Those are just examples of the things hiding under their beds and in their closets. The fear of change — whatever that means to the person doing the talking at any given moment — is in the air. That’s what happens when what used to be Election Day lasts two weeks: One day of uncertainty and anxiety has been stretched into many days.

The pols themselves have more at stake. They’re managing expectations from here to Nov. 6, when voting finally ends. They’re trying to build momentum if they have it, to turn it if they don’t.

That said, they also have more information than voters have. They know, day by day, who has voted and who hasn’t (the fact that you voted is a public record; the way that you voted is not). That tells them who still needs to be urged to vote and whom they can leave alone. It hints — loosely — at how things might be going so far: how many of the voters are first-timers; how many of them usually only vote in presidential years; how many voted in the Democratic and Republican primaries in this and other years.

On that last point, Republican consultant Derek Ryan looked at the first day’s voting in the state’s largest counties and found 36.1 percent of the votes were cast by Republican primary voters; 33.8 percent were cast by Democratic primary voters. People with no previous voting history made up 6.4 percent of that one-day vote.

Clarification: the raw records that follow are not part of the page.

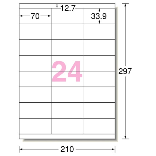 商品仕様 | ●サイズ/A4 ●シートサイズ/210×297mm ●ラベルサイズ/33.9×70mm ●面付け/24面 ●紙質/上質紙 ●坪量/175g/m2 ●ラベルの厚み/0.13mm ●総厚み/0.19mm ●白色度/98% ●紙色/ホワイト ●重量/1120g ●備考/※厚紙モード、手差し給紙でお使いください。お使いの機種によっては対応しない場合がございます。 ※インクジェットプリンタの場合、にじみが生じる場合がございます。 |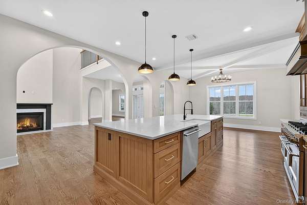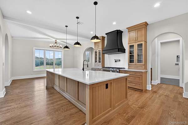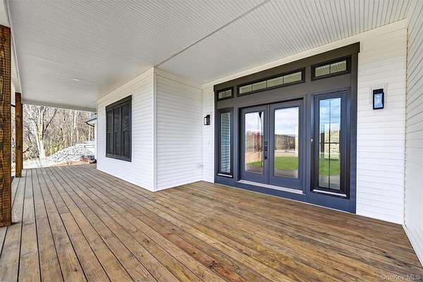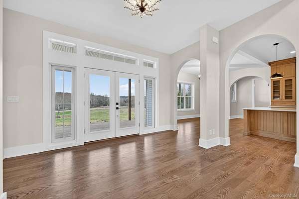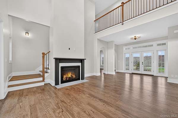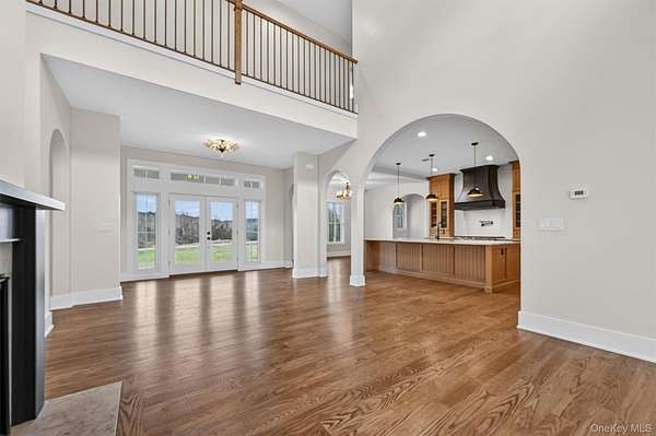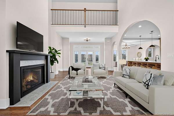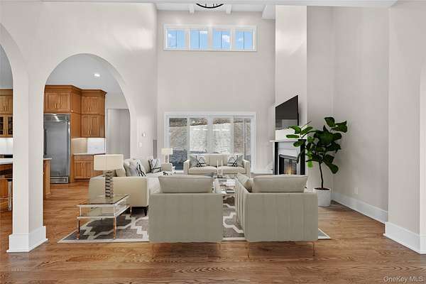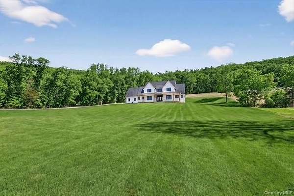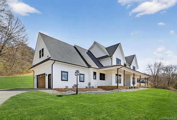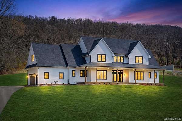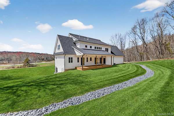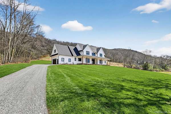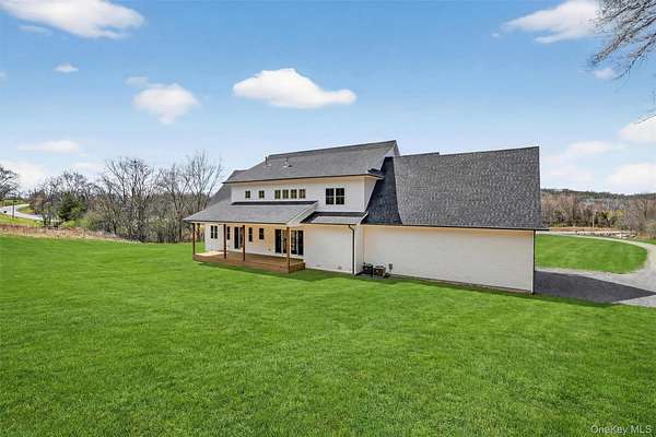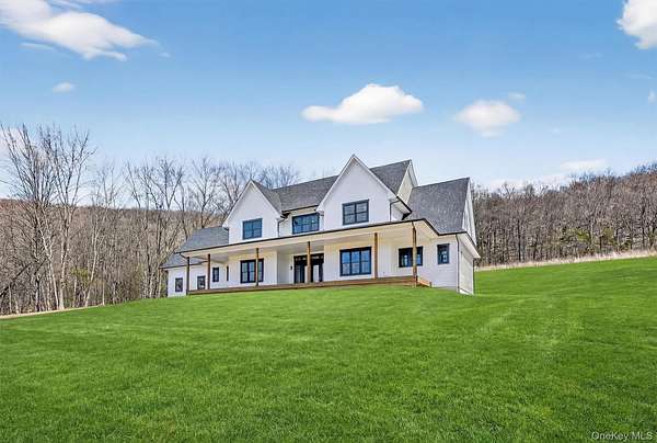 Set gracefully on 3.8 private acres within the highly coveted Warwick School District, this exceptional custom home offers a rare blend of architectural elegance and refined living. Surrounded by a collection of equally distinguished residences, the property provides an expansive, park-like sanctuary while remaining nestled in the heart of one of the region's most sought-after communities. Spanning over 4,500 square feet of meticulously finished living space, with more than 6,800 total square feet including an expansive unfinished lower level, the residence showcases thoughtful design and elevated craftsmanship at every turn. A dramatic double-height great room anchored by a striking gas fireplace creates a grand yet inviting focal point, while graceful arched openings and upgraded black windows lend a timeless, sophisticated aesthetic. The main-level primary suite is thoughtfully positioned as a private retreat, complete with a spa-inspired bath and exclusive access to a deck overlooking the serene, park-like grounds. Designed with both everyday living and entertaining in mind, the home features a well-appointed butler's pantry, media room, elegant lounge areas, a dedicated office nook, and an upper-level catwalk and loft that further enhance its architectural character. The unfinished lower level presents a blank canvas for customization-ideal for a private fitness studio, wine cellar, or full-scale entertainment space. Outdoors, a classic rocking-chair front porch welcomes you, while the surrounding acreage offers exceptional privacy without sacrificing accessibility. Natural gas availability adds both convenience and long-term value. Perfectly situated for commuters, the property is moments from major roadways and within walking distance to Tin Barn Brewing, while also enjoying close proximity to Warwick's renowned wineries, farm markets, and dining destinations.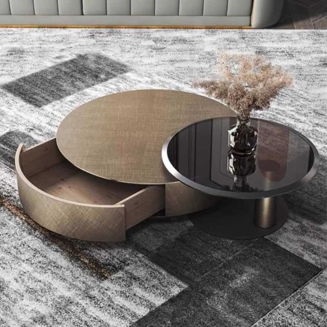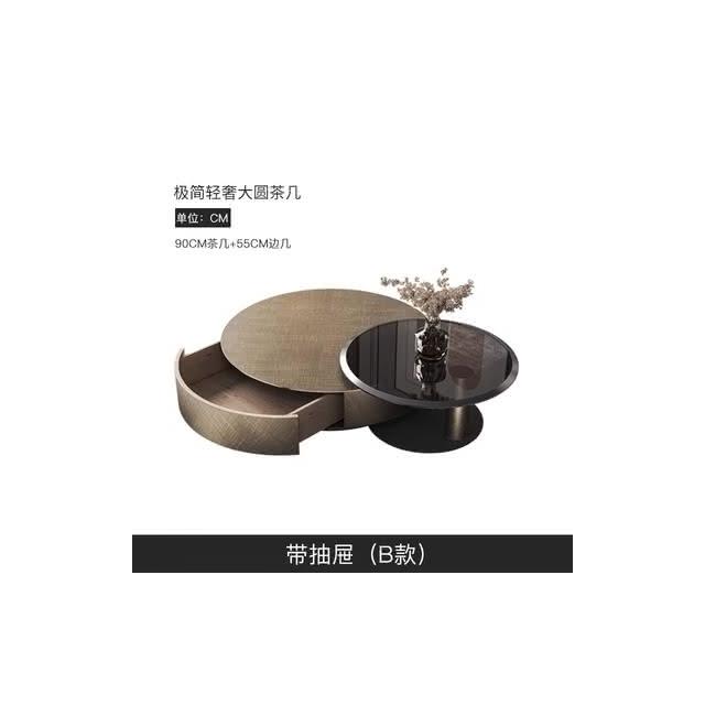 輕奢現代簡約圓形茶几組合客廳家用不銹鋼玻璃創意大小圓桌傢俱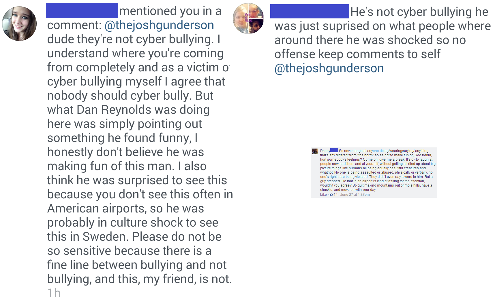 ” Dear Imagine Dragons, I am going to kindly request that you remove this video from this and any other feeds. Whether you realize it or not, this is a form of cyberbullying and sending the wrong message to your 9 million plus followers here on Facebook. I know for a fact that many young people look up to you as role models and inspirations and by posting a video like this and laughing at someone who is different, you are delivering the idea that doing something like this is not only okay, but funny. I am a big fan of yours, with your CD playing almost non-stop in my car and seeing something like this on your feed is greatly disappointing. Please consider the impact that you have on the beliefs and values of your fans before posting photos and videos such as this. Imagine this person is a fan of yours and sees himself on your Facebook feed being made fun of. How do you think that would make him feel? How would it feel if someone did this to you. You have the unique opportunity to make a difference in the lives of many and that is not something that should be taken lightly. Thank you.”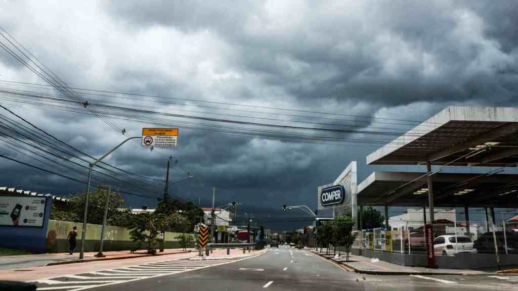 Além da queda de temperatura, o choque entre a massa de ar frio e o calor acumulado pode provocar temporais, com rajadas de vento e trovoadas.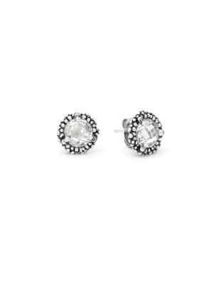 Questi orecchini, dalla delicata e luminosa eleganza, nascono dal connubio fra la purezza degli zirconi trasparenti e la bellezza contemporanea del decoro stile Perlage in argento brunito.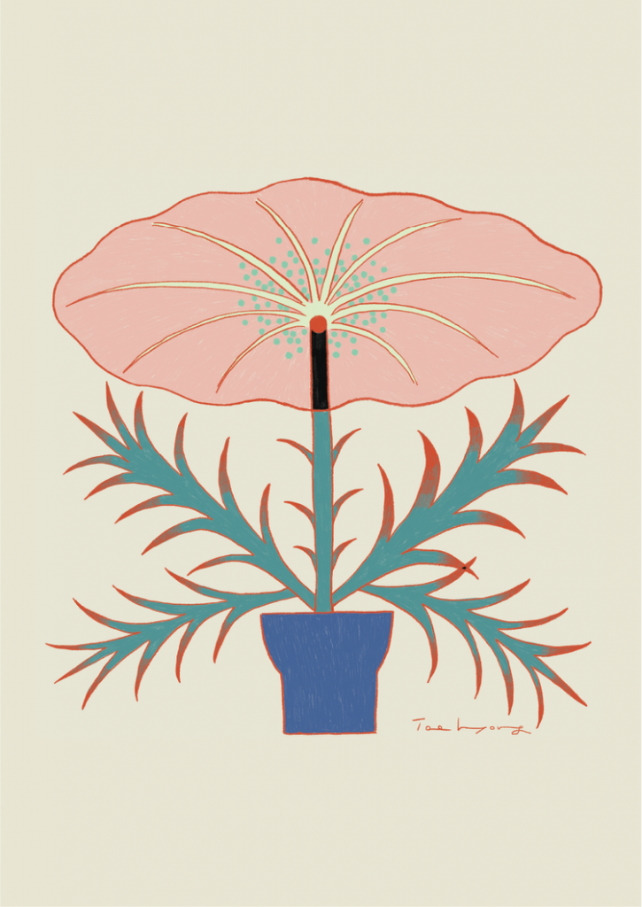 The potted plants in her Seoul apartment were the inspiration for Taehyoung Jeon‘s most recent body of work. “One of my joys is to look at my plants and study their growth and changes everyday,” she says. It’s always so exciting to see what happens when inspiration and imagination meet. Some plants are recognizable, while others spring entirely from Jeon’s imagination. Organic shapes and exaggerated proportions paired with playful colour combinations and decorative details make each plant so pleasing to the eye. I see antique gramophones and mid-century lamps. This one might be my favourite, although it’s just so hard to choose.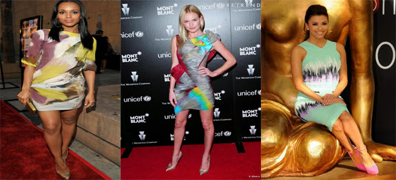 - la belle eva longoria : robe vert amande et imprimé arty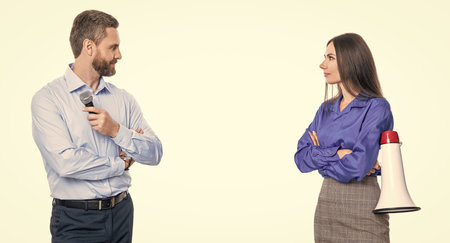 business man promoter has idea. business advertisement. advertisement concept. business idea advertisement. businesspeople with microphone and loudspeaker isolated on white. Promotional campaign

But the data don’t show the pros how many people voted straight tickets — pulling the lever for all of the Democrats or all of the Republicans. It doesn’t tell them how many of us voted in one race and stopped there, how many voted all the way to the end of the ballot (Harris County’s prints out to three three-column pages in tiny type).

Certainty, if there is any to be had, belongs to the big dogs at the top of the ballot. Those candidates drive public interest — just look at this year’s U.S. Senate race, or the presidential race two years ago, or the race for governor two years before that.

It is those other items — on the bulleted list above and items like those not mentioned here — that keep the campaigns anxious.

The first day of early voting bloomed, with some of the state’s biggest counties reporting huge turnouts. It’s too early to know whether that means more people will vote or whether people who would have voted later in past elections decided this time to vote on Monday and get it over with.

Either answer could make a candidate nervous.

President Trump has had a pretty good batting average on his political visits to places where Republicans are in trouble. Was his Monday stop in Houston a boon to Republicans or a burden?

Something to fret over.

How does the latest immigration story play out? The government’s separations of minors from their families earlier this year split Republican voters; Trump quickly rescinded the orders for zero-tolerance enforcement at the border. Does the northbound caravan — and its timing — play into voters’ decisions this year? And for which side?

That could keep a political consultant awake at night.

Here’s a big one: Are voters going to act the way they usually act? Will the number of voters swell, drop or stay about where it’s been? Are they mad? Who are they happy with? Have demographics changed? Is there a blue wave or a red seawall or some of each?

That’s why they’re worried: Their jobs depend on it.